━━━━━ GIVEN MATERIAL ━━━━━

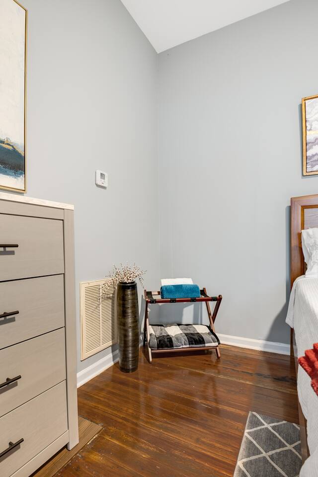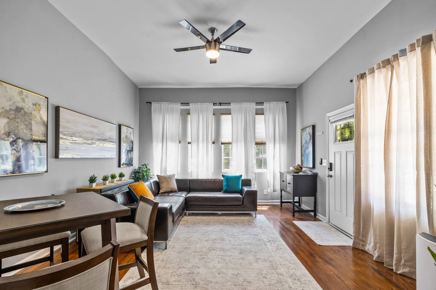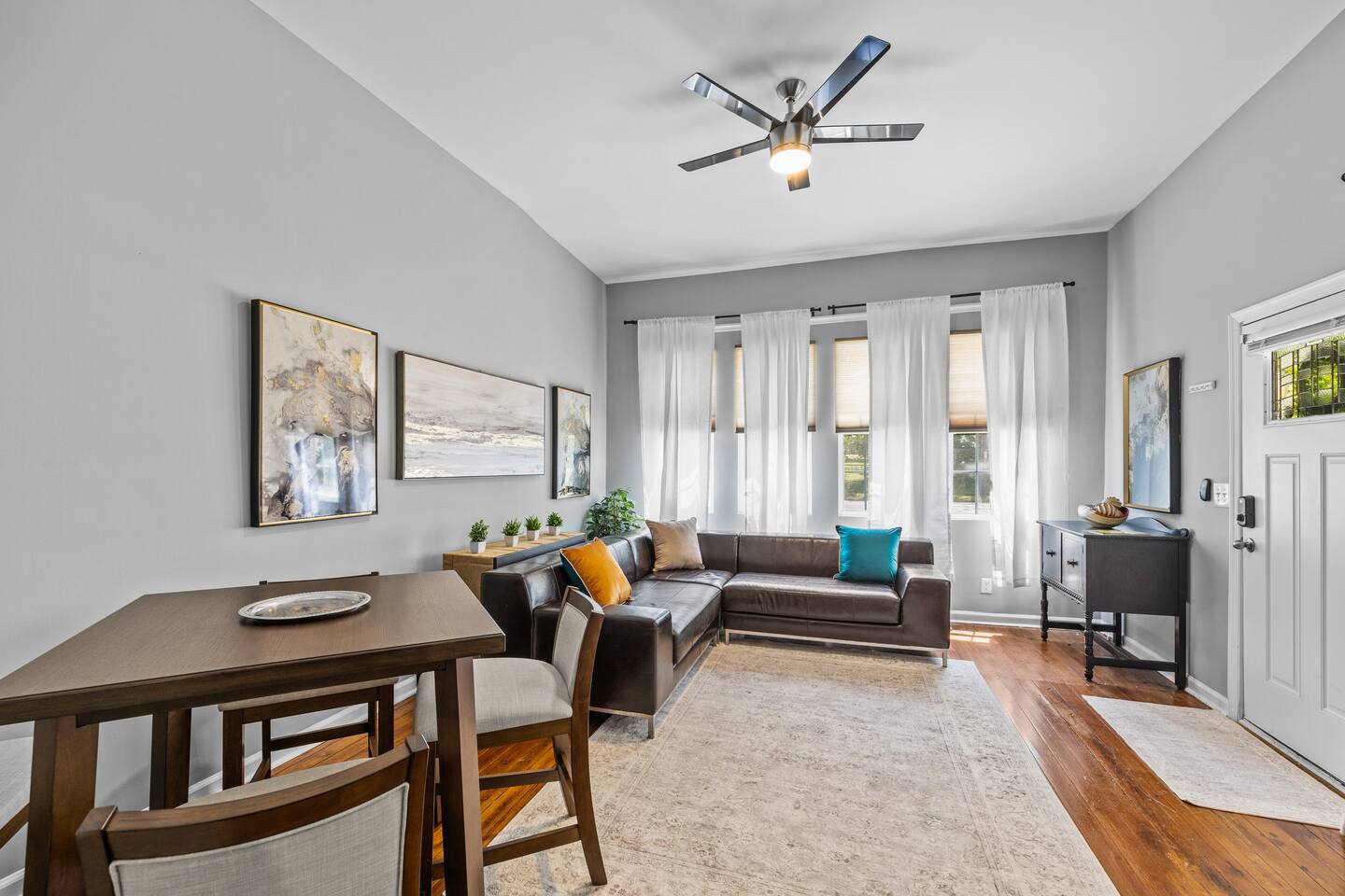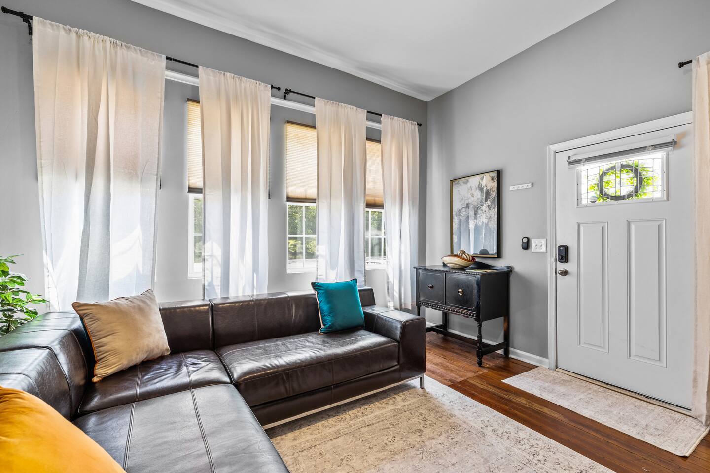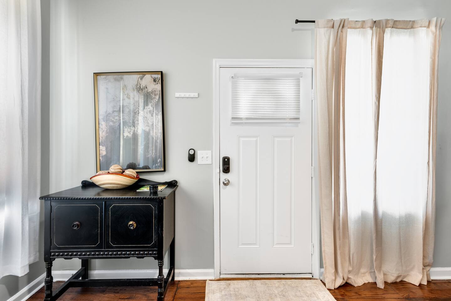 This is an urban, diverse neighborhood. We've always felt safe there, but if you are sensitive to city noise or unaccustomed to city living, this might not be the place for you. Free parking for this apartment is in front of the property. We have outdoor ring cameras located in the front and rear of the property. We have outside cameras which are disclosed in our listing and tampering with these cameras or the internet will result in fines and possible eviction. No immediate local guests allowed! ***You can access the bathroom and kitchen by entering the bedroom.
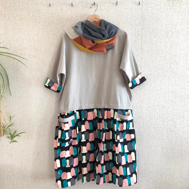 ドルマンスリーブのワンピース*グレーベージュ×ブラック
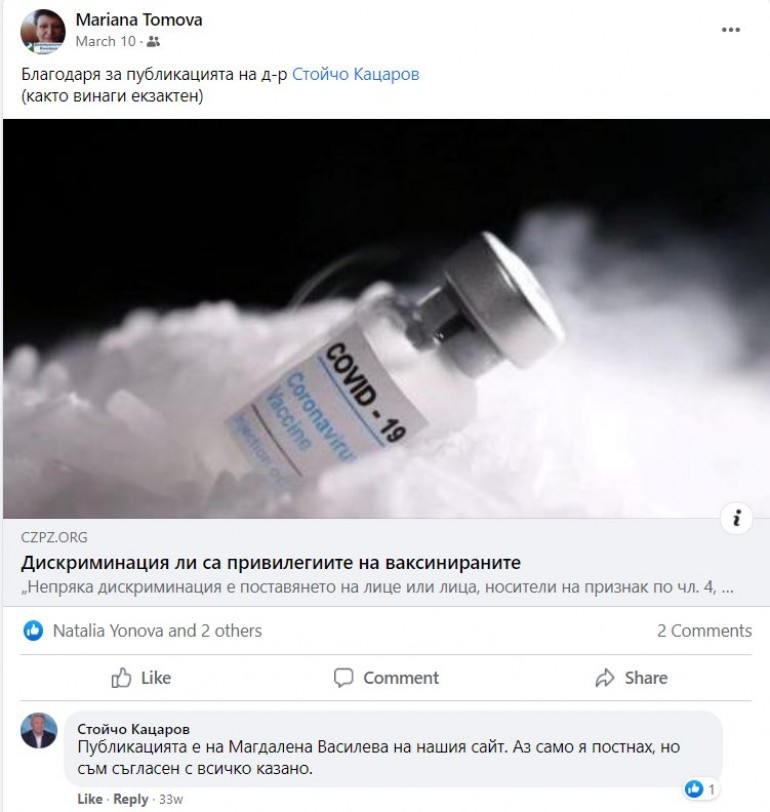 „В общия случай, определени рестрикции се прилагат при отказ от задължителна имунизация, ваксините срещу Ковид, обаче не са такива. Нещо повече, при ваксинирането с одобрените ваксини срещу коронавирус се подписва информирано съгласие, за това че сме запознати с ползите и рисковете. При „срещата“ на ваксинираните с неваксинираните има известно място за тълкуване дали законовата цел (справяне с пандемията) оправдава средствата (привилегиите)“, се пише в материала, който няма автор, но Кацаров признава, че е съгласен с всеки един написан ред.
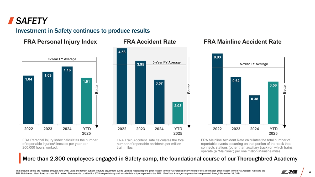 SAFETY Investment in Safety continues to produce results FRA Personal Injury Index FRA Accident Rate FRA Mainline Accident Rate 4.53 0.93 5-Year FY Average 5-Year FY Average 5-Year FY Average 3.95 1.16 1.09 1.04 0.62 1.01 3.07 0.56 0.38 2.03 2022 2023 2024 YTD 2022 2023 2024 YTD 2022 2023 2024 YTD 2025 2025 2025 FRA Personal Injury Index calculates the number FRA Train Accident Rate calculates the total FRA Mainline Accident Rate calculates the total number of of reportable injuries/illnesses per year per reportable events occurring on that portion of the track that number of reportable accidents per million 200,000 hours worked. train miles. connects stations (other than auxiliary track) on which trains operate (a “Mainline”) per one million Mainline miles. More than 2,300 employees engaged in Safety camp, the foundational course of our Thoroughbred Academy The amounts above are reported through June 30th, 2025 and remain subject to future adjustment due to updated medical reports (with respect to the FRA Personal Injury Index) or cost information (with respect to the FRA Accident Rate and the 4 FRA Mainline Accident Rate) or other FRA review. The amounts provided for 2025 are preliminary and include data not yet reported to the FRA. Five-Year Averages as presented are provided through December 31, 2024. Better Better Better

━━━━━

WHAT YOU ARE ASKED TO DO:
What is needed is an exact copy of all the data, with no images in it.

SOLUTION:
 This is an urban, diverse neighborhood. We've always felt safe there, but if you are sensitive to city noise or unaccustomed to city living, this might not be the place for you. Free parking for this apartment is in front of the property. We have outdoor ring cameras located in the front and rear of the property. We have outside cameras which are disclosed in our listing and tampering with these cameras or the internet will result in fines and possible eviction. No immediate local guests allowed! ***You can access the bathroom and kitchen by entering the bedroom.
 ドルマンスリーブのワンピース*グレーベージュ×ブラック
 „В общия случай, определени рестрикции се прилагат при отказ от задължителна имунизация, ваксините срещу Ковид, обаче не са такива. Нещо повече, при ваксинирането с одобрените ваксини срещу коронавирус се подписва информирано съгласие, за това че сме запознати с ползите и рисковете. При „срещата“ на ваксинираните с неваксинираните има известно място за тълкуване дали законовата цел (справяне с пандемията) оправдава средствата (привилегиите)“, се пише в материала, който няма автор, но Кацаров признава, че е съгласен с всеки един написан ред.
 SAFETY Investment in Safety continues to produce results FRA Personal Injury Index FRA Accident Rate FRA Mainline Accident Rate 4.53 0.93 5-Year FY Average 5-Year FY Average 5-Year FY Average 3.95 1.16 1.09 1.04 0.62 1.01 3.07 0.56 0.38 2.03 2022 2023 2024 YTD 2022 2023 2024 YTD 2022 2023 2024 YTD 2025 2025 2025 FRA Personal Injury Index calculates the number FRA Train Accident Rate calculates the total FRA Mainline Accident Rate calculates the total number of of reportable injuries/illnesses per year per reportable events occurring on that portion of the track that number of reportable accidents per million 200,000 hours worked. train miles. connects stations (other than auxiliary track) on which trains operate (a “Mainline”) per one million Mainline miles. More than 2,300 employees engaged in Safety camp, the foundational course of our Thoroughbred Academy The amounts above are reported through June 30th, 2025 and remain subject to future adjustment due to updated medical reports (with respect to the FRA Personal Injury Index) or cost information (with respect to the FRA Accident Rate and the 4 FRA Mainline Accident Rate) or other FRA review. The amounts provided for 2025 are preliminary and include data not yet reported to the FRA. Five-Year Averages as presented are provided through December 31, 2024. Better Better Better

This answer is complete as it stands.